Driving forces
We are expanding and strengthening the national grid for several reasons.
We are expanding and strengthening the national grid for several reasons:
- Many of our lines and stations are nearing the end of their technical lifetime and need to be renewed.
- We need to secure the electricity supply and enable the expansion of renewable electricity production.
- It is part of our mandate to prepare the national grid for a common European electricity market
Society needs a robust national grid for a secure electricity supply
Sweden depends on a safe and reliable electricity supply in order to function. With increased dependence on electricity, society is more sensitive to power outages. Faults on lines or stations in the national grid can, in the worst case, mean that large parts of Sweden lose access to power. That causes major consequences and costs to both private and public interests in society.
Therefore, it is important that we expand and renovate the grid so that it is robust and reliable. In a reliable national grid, electricity reaches its destination and any interruptions have very little effect and can be corrected quickly.
Sweden has one of the world's oldest national grids and many of our lines and stations are nearing the end of their technical lifetime. To continue to have an operationally reliable grid and to transfer the amount of electricity that society wants, we do not just build new lines and stations. We also renew the ones we already have.
We need new national grid lines and stations to enable renewable electricity production
The Swedish and European energy and climate policy seeks to significantly increase renewable electricity production. Therefore, the government has given us the mandate to expand the national grid to receive electricity from such new wind power production and ensure that it can be of use in the European electricity market. We need to increase the transmission capacity in several parts of the country to ensure that the new electricity can be fed into the grid and reach out to the electricity market without major restrictions. In addition to new lines, we need new stations to receive large amounts of new electricity production in different places in the country.

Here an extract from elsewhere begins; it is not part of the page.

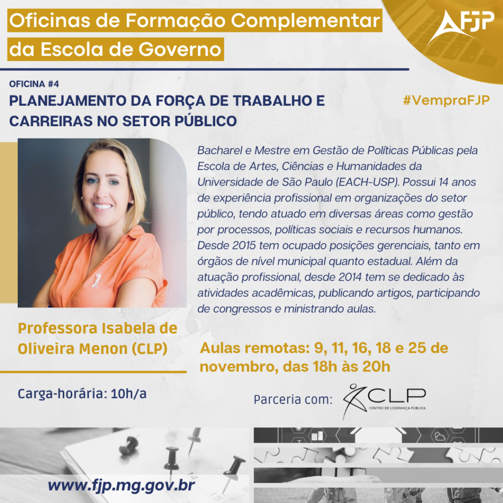 Ementa: A oficina destina-se a propiciar aos alunos uma visão geral sobre todos os subsistemas de recursos humanos, em especial àqueles que tratam sobre o planejamento da força de trabalho e carreiras no Setor Público. Além de discutir teoricamente o tema, os alunos poderão ver na prática como se elabora um planejamento da força de trabalho.

The grid is a prerequisite for a common European electricity market
Another part of the Swedish and European energy policy is that the Nordic countries and the EU work together to enable free trade in electricity across borders within the Union. An important step in this effort is to build electricity connections that link the various countries' electrical systems. There is also a requirement that countries do not have so little capacity in any part of their grid so that the flow of electricity between the countries is limited. To allow free trade in electricity between the Nordic countries and the EU is thus also a reason why we build new lines in the Swedish grid and to other countries.